» **Action item**
Beginning with the line that contains "Rundzange VDE, Kopf", reproduce the remaining lines of the material exactly, up to and including the last one, but no pictures.

» **Source data**
------------------------------------

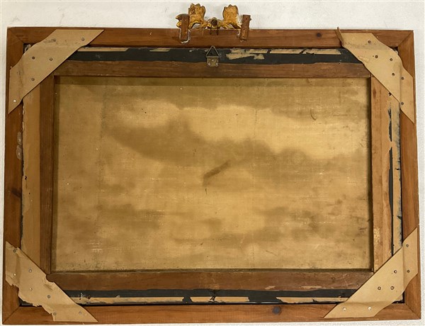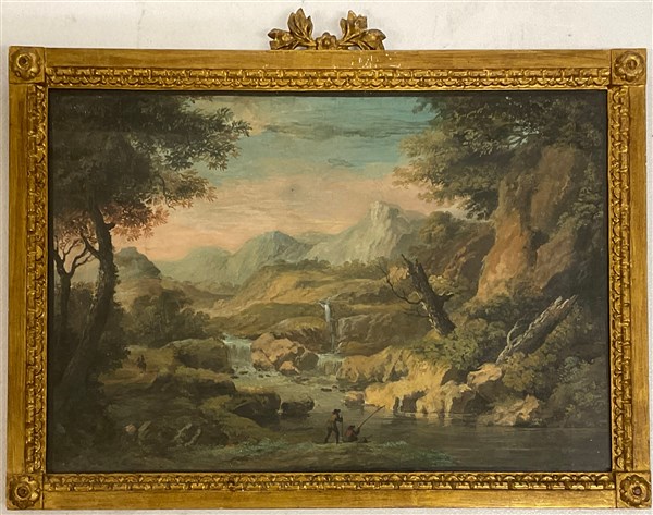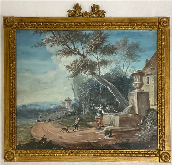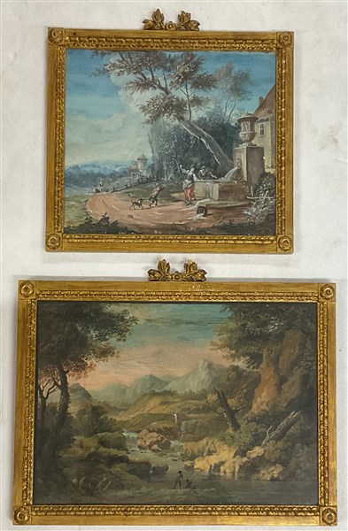 Ignoto di inizio XIX Secolo, Lotto di due gouache su carta di diversi soggetti e diverse misure. In cornici dorate e intagliate con cimasa (difetti)
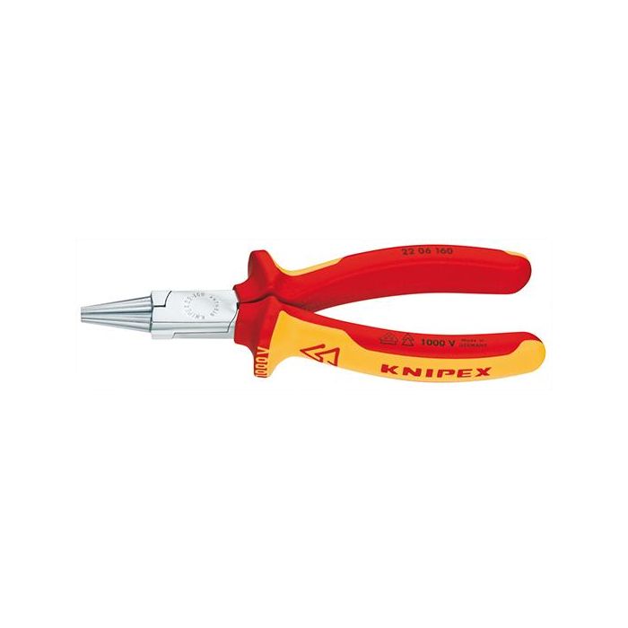 Rundzange VDE, Kopf verchromt, Griffe mit Mehrkomponenten-Kunststoffhüllen
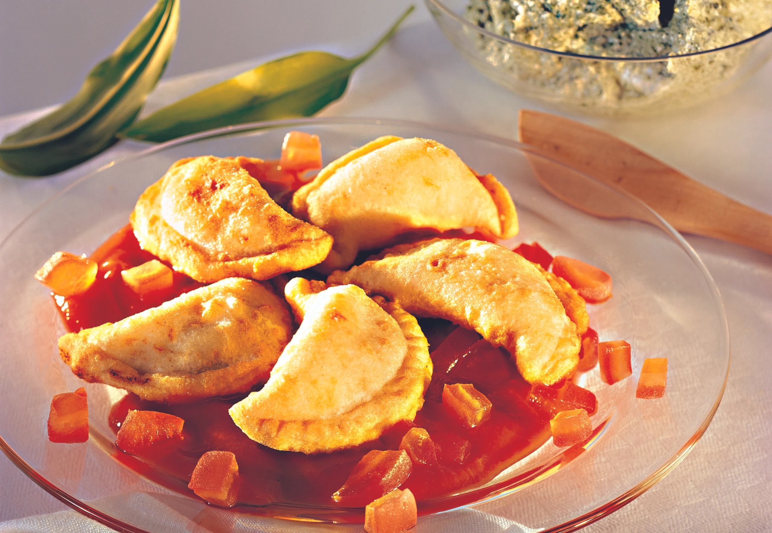Teig auf einer bemehlten Arbeitsfläche ausrollen und Scheiben (Ø ca. 9 cm) ausstechen. Scheiben mit Fülle belegen, Ränder mit verquirltem Ei bestreichen. Scheiben zusammenklappen und gut zusammendrücken; Kanten eventuell mit einer Gabel festdrücken.
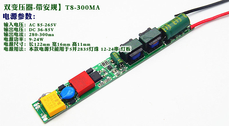 双变压器300ma电源适用:5并24串灯板(5B24C),功率为:22W。

------------------------------------

» **Output for this exercise**
 Rundzange VDE, Kopf verchromt, Griffe mit Mehrkomponenten-Kunststoffhüllen
Teig auf einer bemehlten Arbeitsfläche ausrollen und Scheiben (Ø ca. 9 cm) ausstechen. Scheiben mit Fülle belegen, Ränder mit verquirltem Ei bestreichen. Scheiben zusammenklappen und gut zusammendrücken; Kanten eventuell mit einer Gabel festdrücken.
 双变压器300ma电源适用:5并24串灯板(5B24C),功率为:22W。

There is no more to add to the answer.